EXERCISE REQUIREMENTS.
Skip the pictures. Output only the lines below starting at the line with "Women's Rainbow Bohemian" and ending at the line with "Etwas Theorie: Wenn", both ends included, exactly as they are.

── GIVEN DATA ──

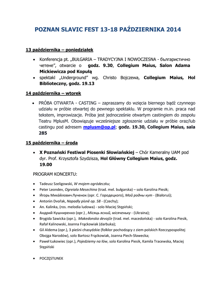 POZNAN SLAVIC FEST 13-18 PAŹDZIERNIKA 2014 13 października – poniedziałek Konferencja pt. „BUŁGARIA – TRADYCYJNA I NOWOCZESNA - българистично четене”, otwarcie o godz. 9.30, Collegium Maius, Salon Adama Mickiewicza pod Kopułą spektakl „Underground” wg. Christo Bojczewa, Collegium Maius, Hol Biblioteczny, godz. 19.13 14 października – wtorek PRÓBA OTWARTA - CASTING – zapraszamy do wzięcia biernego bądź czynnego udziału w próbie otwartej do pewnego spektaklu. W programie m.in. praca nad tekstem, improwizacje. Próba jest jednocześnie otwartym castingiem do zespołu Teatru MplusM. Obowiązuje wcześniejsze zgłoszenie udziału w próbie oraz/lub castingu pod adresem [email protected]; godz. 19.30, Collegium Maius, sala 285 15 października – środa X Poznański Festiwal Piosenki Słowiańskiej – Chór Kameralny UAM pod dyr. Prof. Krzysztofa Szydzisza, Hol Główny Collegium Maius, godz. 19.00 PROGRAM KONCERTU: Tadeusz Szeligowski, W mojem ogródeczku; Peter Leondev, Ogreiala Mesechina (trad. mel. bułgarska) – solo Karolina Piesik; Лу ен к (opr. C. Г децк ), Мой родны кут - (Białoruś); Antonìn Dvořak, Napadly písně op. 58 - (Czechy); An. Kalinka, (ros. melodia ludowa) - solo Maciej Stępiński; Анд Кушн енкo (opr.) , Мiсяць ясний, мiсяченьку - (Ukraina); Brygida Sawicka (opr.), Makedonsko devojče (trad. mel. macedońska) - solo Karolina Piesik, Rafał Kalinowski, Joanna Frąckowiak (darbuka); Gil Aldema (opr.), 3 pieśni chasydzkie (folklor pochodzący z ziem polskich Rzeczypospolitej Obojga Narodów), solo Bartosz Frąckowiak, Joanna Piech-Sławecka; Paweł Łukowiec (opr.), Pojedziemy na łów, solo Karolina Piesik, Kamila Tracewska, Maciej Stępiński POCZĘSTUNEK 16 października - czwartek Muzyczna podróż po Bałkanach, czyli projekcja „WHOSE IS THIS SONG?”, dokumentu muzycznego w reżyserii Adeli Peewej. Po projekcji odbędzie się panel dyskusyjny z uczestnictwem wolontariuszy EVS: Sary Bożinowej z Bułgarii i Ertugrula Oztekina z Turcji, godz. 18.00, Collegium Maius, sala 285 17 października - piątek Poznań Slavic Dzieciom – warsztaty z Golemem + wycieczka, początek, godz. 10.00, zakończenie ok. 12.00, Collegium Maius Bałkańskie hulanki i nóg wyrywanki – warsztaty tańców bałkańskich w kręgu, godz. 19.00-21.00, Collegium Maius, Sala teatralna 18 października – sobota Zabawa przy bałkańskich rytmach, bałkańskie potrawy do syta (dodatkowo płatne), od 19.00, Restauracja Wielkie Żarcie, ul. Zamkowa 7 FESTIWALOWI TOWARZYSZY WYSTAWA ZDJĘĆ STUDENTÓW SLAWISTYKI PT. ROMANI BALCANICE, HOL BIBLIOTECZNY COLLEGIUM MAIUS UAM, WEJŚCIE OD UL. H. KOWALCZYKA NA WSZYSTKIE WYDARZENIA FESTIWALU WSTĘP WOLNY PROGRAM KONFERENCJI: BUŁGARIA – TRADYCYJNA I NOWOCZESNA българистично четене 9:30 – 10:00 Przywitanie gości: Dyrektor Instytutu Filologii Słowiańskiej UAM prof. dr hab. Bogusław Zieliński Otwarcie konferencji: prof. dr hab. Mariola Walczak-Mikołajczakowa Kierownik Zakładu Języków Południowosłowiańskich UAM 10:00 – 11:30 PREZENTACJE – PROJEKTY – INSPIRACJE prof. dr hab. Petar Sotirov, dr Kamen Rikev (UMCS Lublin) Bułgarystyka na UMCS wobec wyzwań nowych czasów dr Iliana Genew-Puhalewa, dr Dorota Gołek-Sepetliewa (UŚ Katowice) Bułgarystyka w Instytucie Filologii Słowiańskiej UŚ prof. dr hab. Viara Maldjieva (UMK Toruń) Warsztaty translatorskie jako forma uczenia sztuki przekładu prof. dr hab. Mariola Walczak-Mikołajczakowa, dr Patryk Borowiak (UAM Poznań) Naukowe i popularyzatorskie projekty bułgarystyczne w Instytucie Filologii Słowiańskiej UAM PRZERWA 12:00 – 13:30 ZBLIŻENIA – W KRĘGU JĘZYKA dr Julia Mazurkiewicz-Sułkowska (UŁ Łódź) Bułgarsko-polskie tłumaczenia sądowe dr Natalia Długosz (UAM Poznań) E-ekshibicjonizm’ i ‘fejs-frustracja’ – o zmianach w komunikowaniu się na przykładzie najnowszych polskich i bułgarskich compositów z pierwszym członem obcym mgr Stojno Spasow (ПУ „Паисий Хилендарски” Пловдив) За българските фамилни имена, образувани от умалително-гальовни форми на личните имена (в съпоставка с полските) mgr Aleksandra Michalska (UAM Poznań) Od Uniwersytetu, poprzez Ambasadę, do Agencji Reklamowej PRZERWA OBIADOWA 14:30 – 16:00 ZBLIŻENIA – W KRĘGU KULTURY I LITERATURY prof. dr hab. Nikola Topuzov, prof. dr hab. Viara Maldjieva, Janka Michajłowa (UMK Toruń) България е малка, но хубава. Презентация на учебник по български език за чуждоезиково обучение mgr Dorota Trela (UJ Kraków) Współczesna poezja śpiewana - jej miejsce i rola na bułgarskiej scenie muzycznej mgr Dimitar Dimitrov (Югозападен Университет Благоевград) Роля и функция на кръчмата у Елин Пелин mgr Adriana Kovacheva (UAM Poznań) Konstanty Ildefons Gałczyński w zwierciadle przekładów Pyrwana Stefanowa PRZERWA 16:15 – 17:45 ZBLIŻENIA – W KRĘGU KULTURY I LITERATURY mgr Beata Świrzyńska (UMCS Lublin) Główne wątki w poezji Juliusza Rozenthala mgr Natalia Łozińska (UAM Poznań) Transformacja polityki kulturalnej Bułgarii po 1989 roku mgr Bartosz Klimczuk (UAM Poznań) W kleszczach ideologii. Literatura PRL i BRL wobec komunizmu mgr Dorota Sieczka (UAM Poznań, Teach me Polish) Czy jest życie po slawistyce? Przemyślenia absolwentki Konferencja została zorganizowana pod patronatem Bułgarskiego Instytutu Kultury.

───
── GIVEN DATA ──

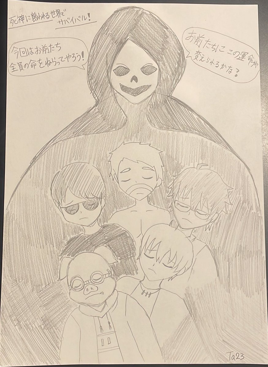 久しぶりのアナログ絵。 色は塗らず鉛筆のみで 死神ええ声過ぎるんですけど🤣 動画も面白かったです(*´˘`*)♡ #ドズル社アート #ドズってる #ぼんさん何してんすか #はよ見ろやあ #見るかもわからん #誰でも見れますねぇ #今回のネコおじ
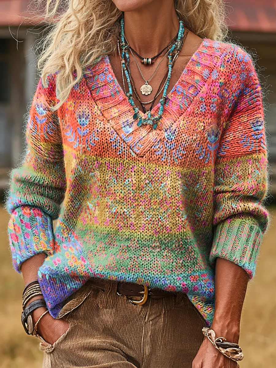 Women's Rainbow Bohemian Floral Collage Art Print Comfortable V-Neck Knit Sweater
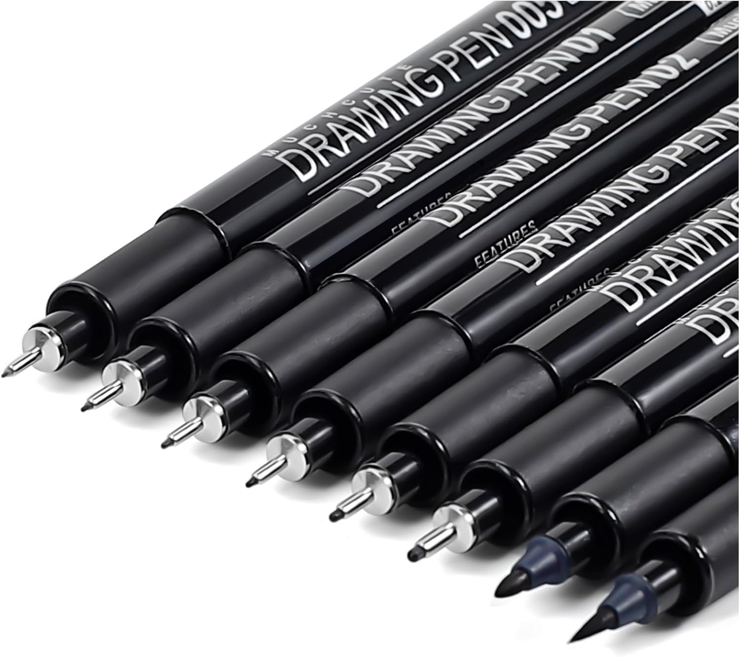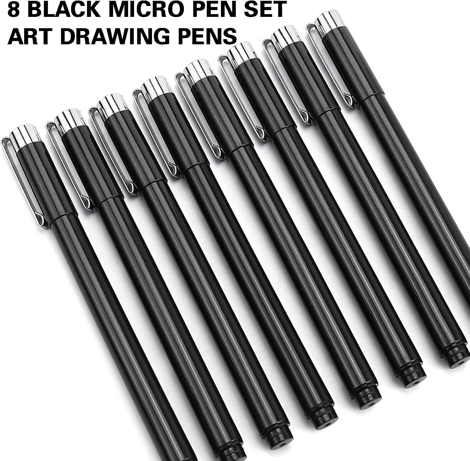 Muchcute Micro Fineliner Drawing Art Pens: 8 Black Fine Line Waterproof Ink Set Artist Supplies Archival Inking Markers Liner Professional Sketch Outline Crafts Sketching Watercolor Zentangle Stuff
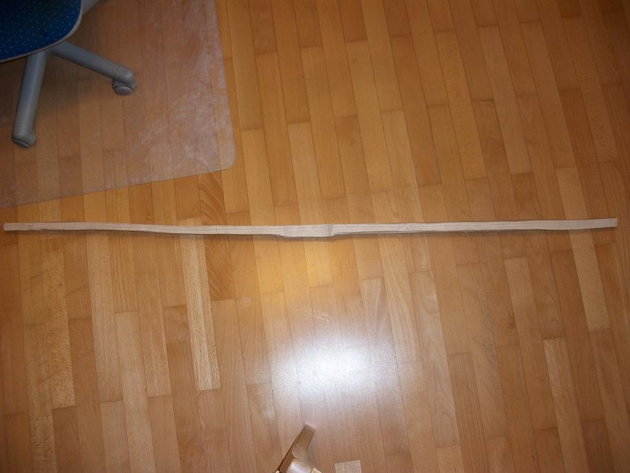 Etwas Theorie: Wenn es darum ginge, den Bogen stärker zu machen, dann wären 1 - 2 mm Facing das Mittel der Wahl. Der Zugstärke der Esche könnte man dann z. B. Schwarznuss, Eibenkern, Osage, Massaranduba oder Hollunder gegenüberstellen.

───
── GIVEN DATA ──

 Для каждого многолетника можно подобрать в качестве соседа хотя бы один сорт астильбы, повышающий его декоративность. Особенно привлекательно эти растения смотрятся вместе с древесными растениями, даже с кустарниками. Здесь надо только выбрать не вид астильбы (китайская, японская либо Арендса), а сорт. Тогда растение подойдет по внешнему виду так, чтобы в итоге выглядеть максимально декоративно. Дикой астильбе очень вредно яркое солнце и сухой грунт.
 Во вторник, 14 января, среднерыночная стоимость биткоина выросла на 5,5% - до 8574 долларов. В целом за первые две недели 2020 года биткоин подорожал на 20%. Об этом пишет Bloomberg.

───

ANSWER SECTION.
 Women's Rainbow Bohemian Floral Collage Art Print Comfortable V-Neck Knit Sweater
 Muchcute Micro Fineliner Drawing Art Pens: 8 Black Fine Line Waterproof Ink Set Artist Supplies Archival Inking Markers Liner Professional Sketch Outline Crafts Sketching Watercolor Zentangle Stuff
 Etwas Theorie: Wenn es darum ginge, den Bogen stärker zu machen, dann wären 1 - 2 mm Facing das Mittel der Wahl. Der Zugstärke der Esche könnte man dann z. B. Schwarznuss, Eibenkern, Osage, Massaranduba oder Hollunder gegenüberstellen.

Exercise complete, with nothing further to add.